No segundo turno, Lula também permanece à frente dos candidatos da ala bolsonarista e dos demais concorrentes.
Em um dos cenários, Lula aparece com 44% contra 39% de Tarcísio de Freitas, configurando a disputa mais apertada. Na sequência, Lula soma 45% contra 38% de Flávio Bolsonaro. Em outro, o petista aparece com 46% ante 31% do governador de Minas Gerais, Romeu Zema (Novo). Nas simulações seguintes, o desempenho do presidente é ainda melhor: 45% a 27% contra Aldo Rebelo (Democracia Cristã) e 46% a 26% contra Renan Santos (Missão).
A pesquisa também apurou a percepção do eleitorado sobre quem vencerá a eleição presidencial. A maioria dos entrevistados afirmou acreditar que Lula será reeleito, independentemente do adversário. Para 56% dos eleitores, Lula será reeleito se o adversário for algum membro da família Bolsonaro. Mesmo se o adversário não tiver o sobrenome 'Bolsonaro', para 45% o presidente sairá vencedor. Neste último caso, os que acreditam na derrota de Lula somam 43%.

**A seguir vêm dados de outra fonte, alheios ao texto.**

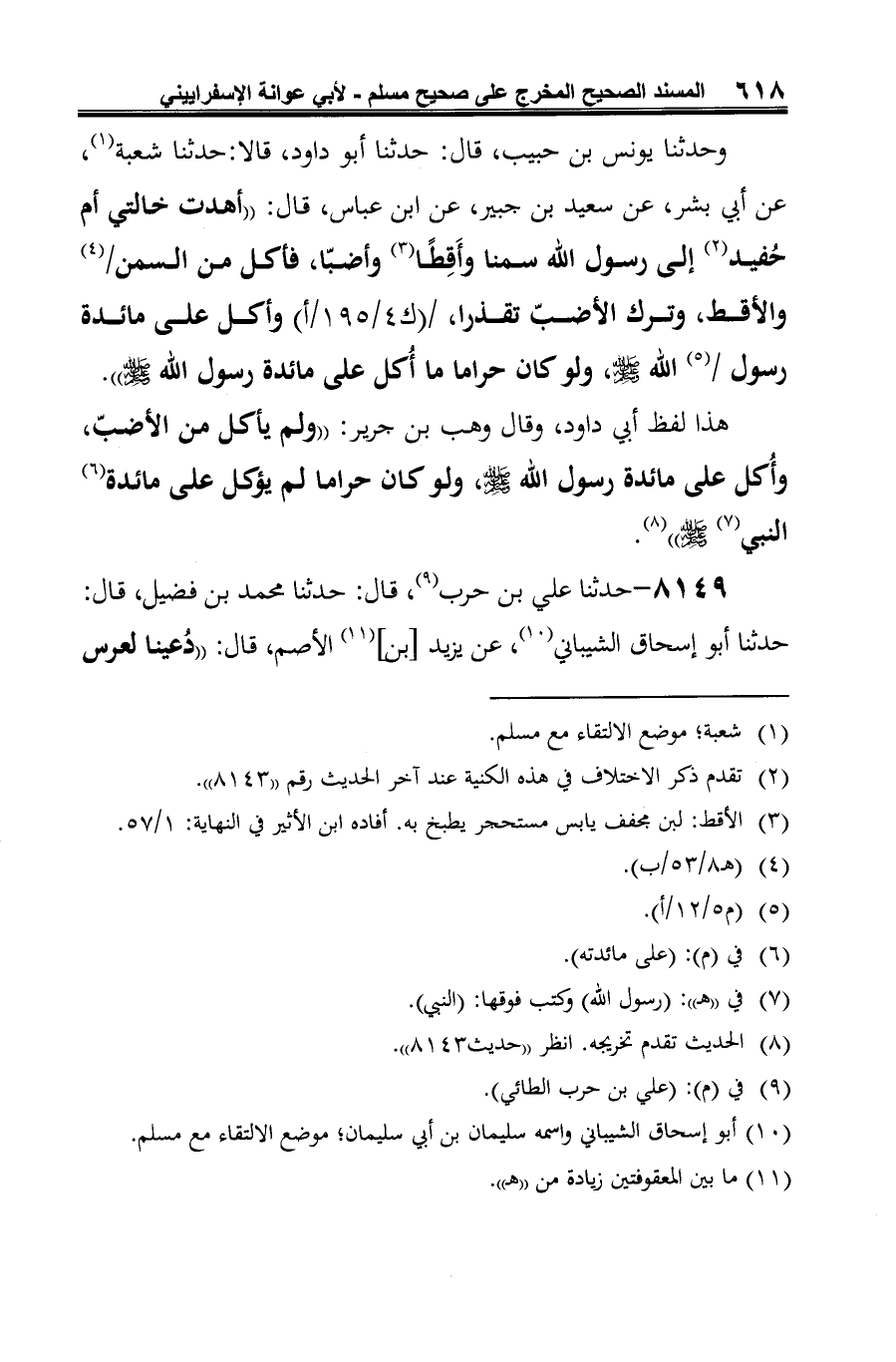 8149 - حدثنا علي بن حرب (¬1)، قال: حدثنا محمد بن فضيل، قال: حدثنا أبو إسحاق الشيباني (¬2)، عن يزيد [بن] (¬3) الأصم، قال: "دُعينا لعرس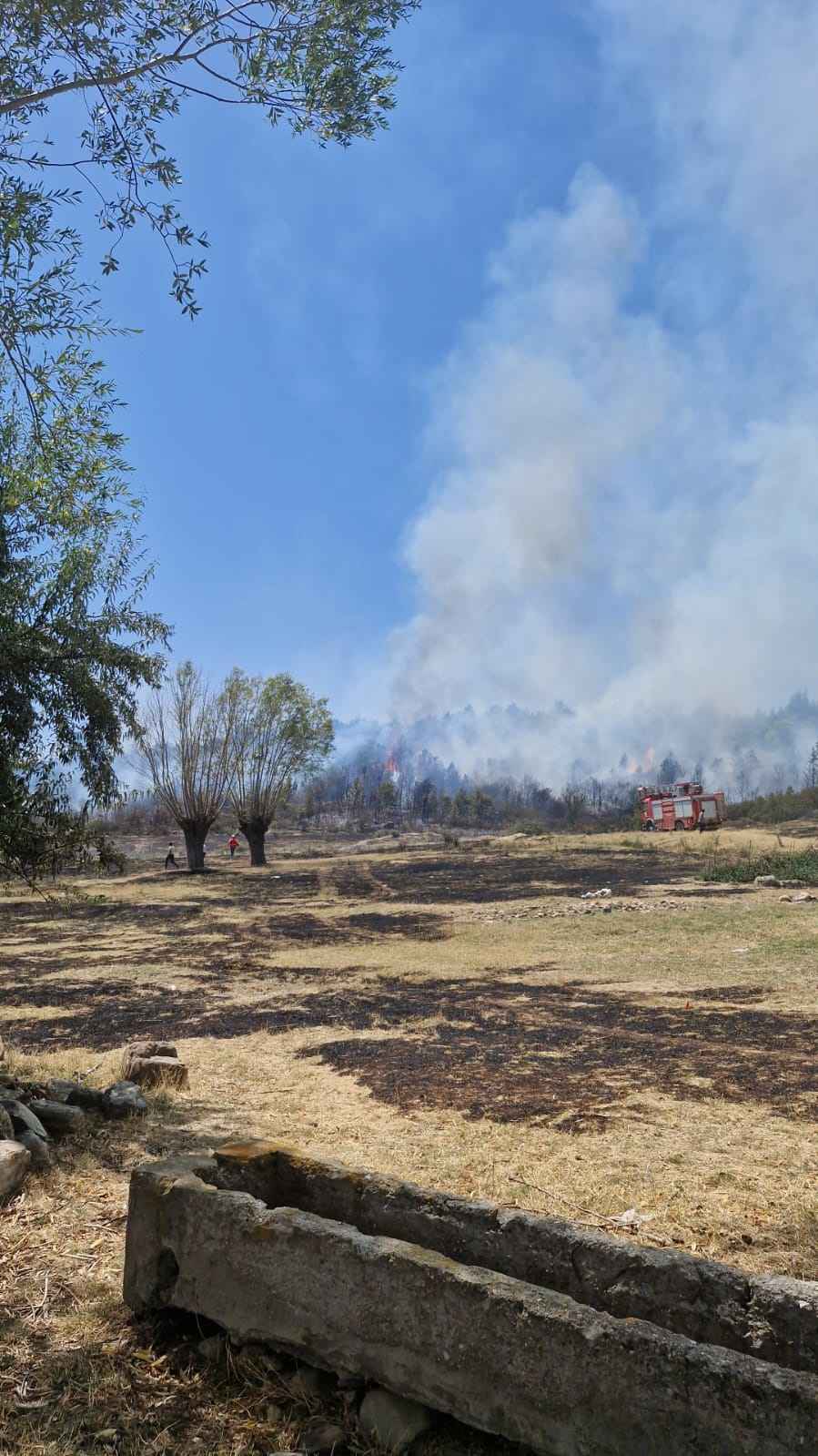 Afyonkarahisar'ın Sandıklı ilçesinde orman yangını çıktı. Ekipler, alevlere havadan ve karadan müdahale ediyor.

O levantamento também apresentou dados de aprovação e desaprovação da gestão de Lula. O trabalho do presidente é desaprovado por 49% dos entrevistados e aprovado por 47%. Como a margem de erro é de dois pontos, os dados mostram estabilidade em relação ao levantamento anterior, divulgado em dezembro do ano passado, quando 48% aprovaram e também 49% desaprovaram.